Different pain, different brain: thalamic anatomy in neuropathic and non-neuropathic chronic pain syndromes.

机构信息

Department of Anatomy and Histology, University of Sydney, Sydney, New South Wales, Australia.

出版信息

J Neurosci. 2011 Apr 20;31(16):5956-64. doi: 10.1523/JNEUROSCI.5980-10.2011.

Abstract

Trigeminal neuropathic pain (TNP) and temporomandibular disorders (TMD) are thought to have fundamentally different etiologies. It has been proposed that TNP arises through damage to, or pressure on, somatosensory afferents in the trigeminal nerve, whereas TMD results primarily from peripheral nociceptor activation. Because some reports suggest that neuropathic pain is associated with changes in brain anatomy, it is possible that TNP is maintained by changes in higher brain structures, whereas TMD is not. The aim of this investigation is to determine whether changes in regional brain anatomy and biochemistry occur in both conditions. Twenty-one TNP subjects, 20 TMD subjects, and 36 healthy controls were recruited. Voxel-based morphometry of T1-weighted anatomical images revealed no significant regional gray matter volume change in TMD patients. In contrast, gray matter volume of TNP patients was reduced in the primary somatosensory cortex, anterior insula, putamen, nucleus accumbens, and the thalamus, whereas gray matter volume was increased in the posterior insula. The thalamic volume decrease was only seen in the TNP patients classified as having trigeminal neuropathy but not those with trigeminal neuralgia. Furthermore, in trigeminal neuropathy patients, magnetic resonance spectroscopy revealed a significant reduction in the N-acetylaspartate/creatine ratio, a biochemical marker of neural viability, in the region of thalamic volume loss.
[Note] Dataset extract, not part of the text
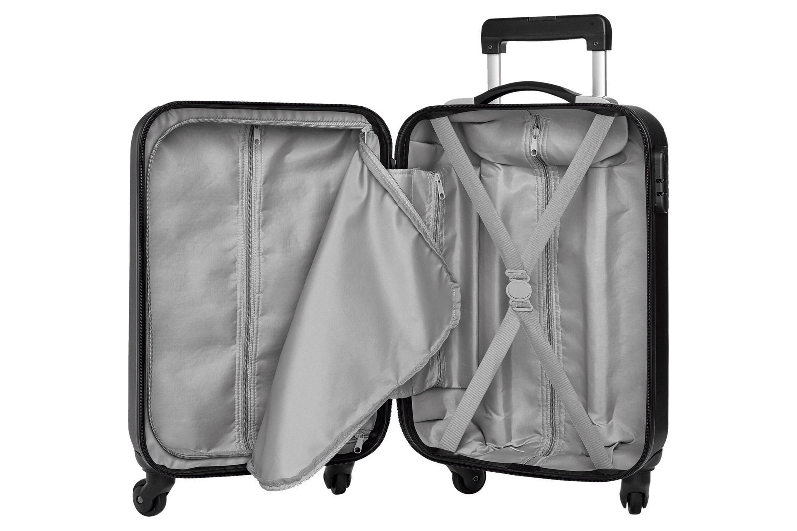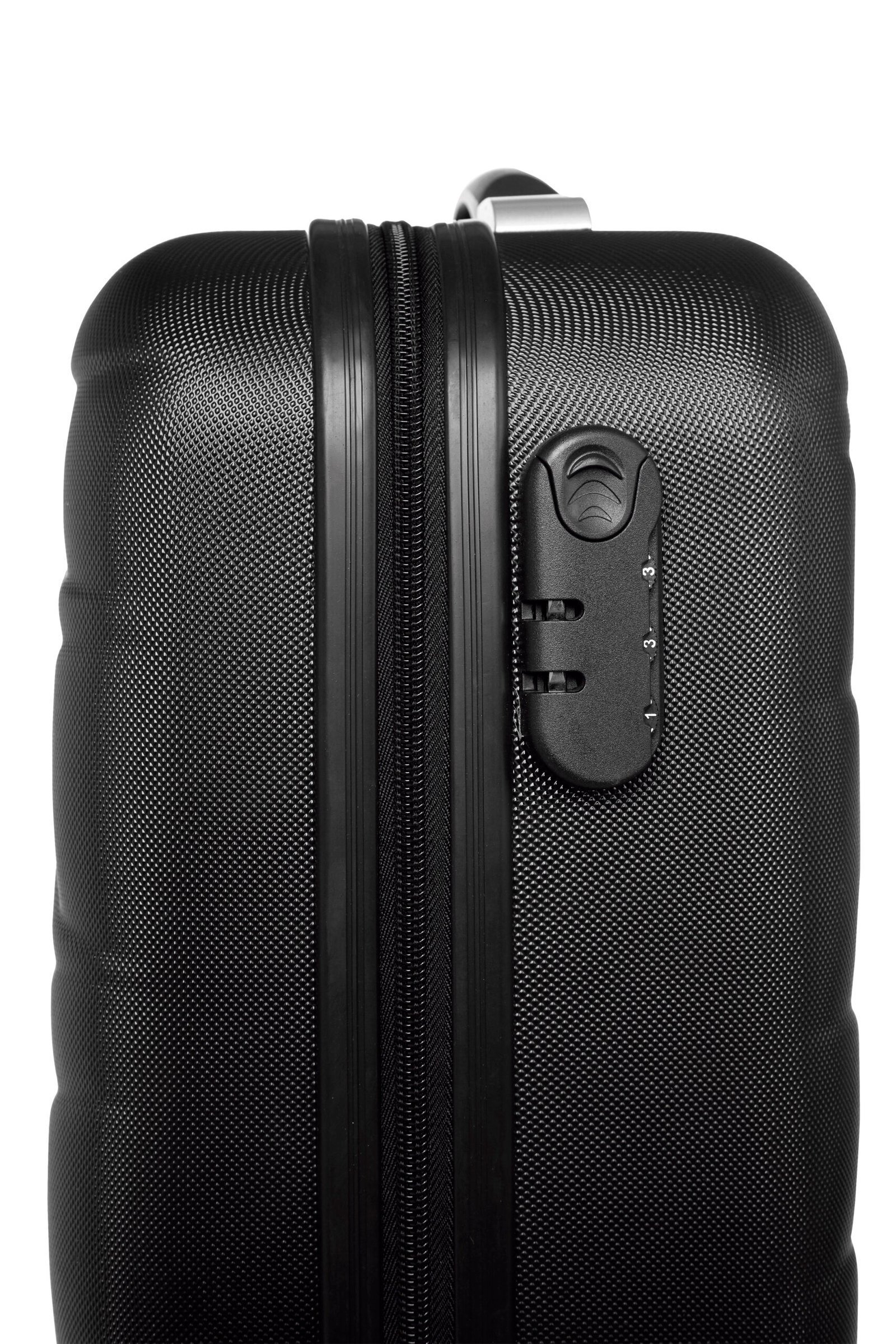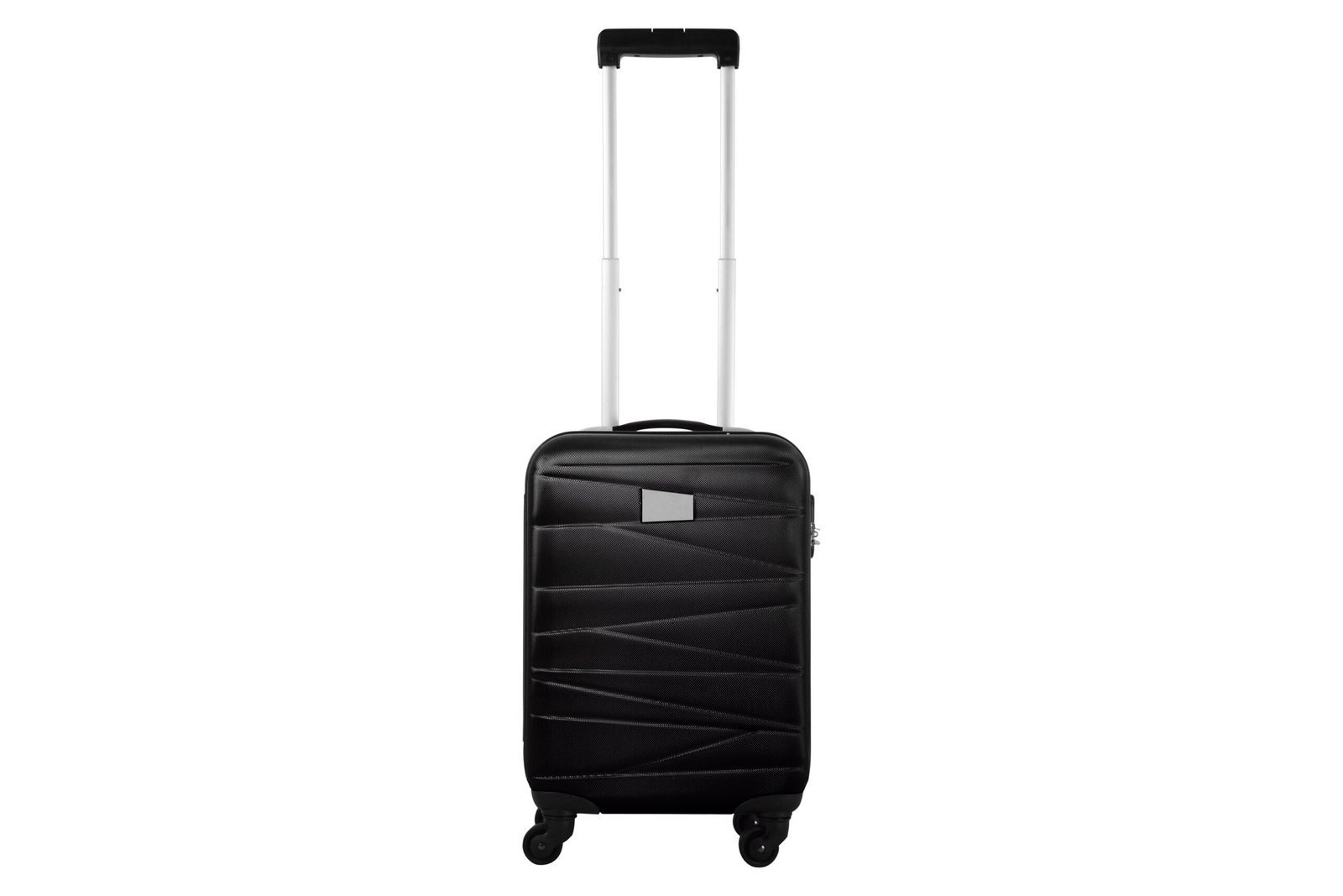 54 x 34 x 20 cm. (total). Capacidad 31 litros. ABS. Valija / Maleta pequeña. 4 ruedas con giro 360°. Manija de transporte reforzada. Mango extensible hasta 54 cm. 2 posiciones. Interior: 2 compartimentos principales con cierre y elásticos ajustables. Placa metálica desmontable para grabado (medida: 6 x 4 cm.) Candado incluido con combinación.

The data suggest that the pathogenesis underlying neuropathic and non-neuropathic pain conditions are fundamentally different and that neuropathic pain conditions that result from peripheral injuries may be generated and/or maintained by structural changes in regions such as the thalamus.

摘要

三叉神经病理性疼痛(TNP)和颞下颌关节紊乱(TMD)被认为具有根本不同的病因。有人提出,TNP 是由于三叉神经感觉传入纤维的损伤或受压引起的,而 TMD 主要是由于外周伤害感受器的激活引起的。由于一些报告表明神经病理性疼痛与大脑解剖结构的变化有关,因此 TNP 可能是由大脑高级结构的变化维持的,而 TMD 则不是。本研究旨在确定这两种疾病是否都存在区域性大脑解剖和生化变化。招募了 21 名 TNP 患者、20 名 TMD 患者和 36 名健康对照者。T1 加权解剖图像的基于体素的形态测量学显示 TMD 患者的局部灰质体积无明显变化。相比之下,TNP 患者的初级体感皮层、前岛叶、壳核、伏隔核和丘脑灰质体积减少,而后岛叶灰质体积增加。只有在被归类为三叉神经病变的 TNP 患者中才观察到丘脑体积减少,而在三叉神经痛患者中则没有。此外,在三叉神经病变患者中,磁共振波谱显示,在丘脑体积损失区域,N-乙酰天门冬氨酸/肌酐比值(一种神经存活的生化标志物)显著降低。数据表明,神经性和非神经性疼痛疾病的发病机制根本不同,由外周损伤引起的神经性疼痛疾病可能是由丘脑等区域的结构变化产生和/或维持的。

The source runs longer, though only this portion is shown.